Nafan juga menuturkan bahwa sentimen global, seperti berakhirnya government shutdown di AS, diproyeksikan akan memengaruhi perilaku The Fed dalam menentukan arah kebijakan suku bunga. Potensi penurunan Fed Rate pada Desember yang dinilai masih terbuka di atas 50% tetap menjadi perhatian utama, meskipun ada kemungkinan kebijakan tersebut akan mundur ke Januari 2026. Selain itu, data makroekonomi penting seperti PMI, non-farm payroll (NFP), dan consumer price index (CPI) Amerika Serikat juga menjadi fokus utama investor.

Dari sisi domestik, seluruh mata investor menantikan hasil Rapat Dewan Gubernur (RDG) Bank Indonesia terkait kebijakan suku bunga.

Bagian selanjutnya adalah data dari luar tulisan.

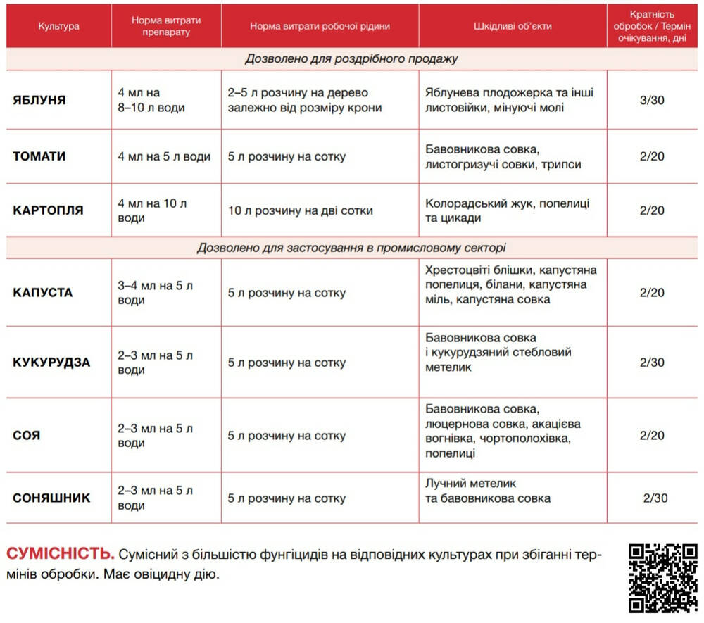 Яблоня 4 мл на 8–10 л воды 2-5 л раствора на дерево в зависимости от размера кроны Яблоневая плодожорка и другие листовертки, минирующие моли 3/30
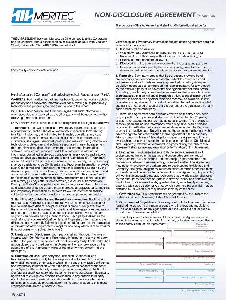 What is the purpose of non-disclosure agreementreciprocal - meritec?

Keputusan bank sentral diharapkan tidak hanya mencerminkan komitmen untuk mendukung pertumbuhan ekonomi, tetapi juga menjaga stabilitas pasar modal secara keseluruhan. “Investor menantikan terkait hasil RDG. Sejauh mana komitmen bank sentral dalam mewujudkan dukungan terhadap pro-growth dan pro-stability, sehingga nantinya bisa memberikan dampak positif terhadap pasar,” pungkas Nafan.

Disclaimer: Berita ini tidak bertujuan mengajak membeli atau menjual saham. Keputusan investasi sepenuhnya ada di tangan pembaca. Bisnis.com tidak bertanggung jawab atas kerugian atau keuntungan yang timbul dari keputusan investasi pembaca.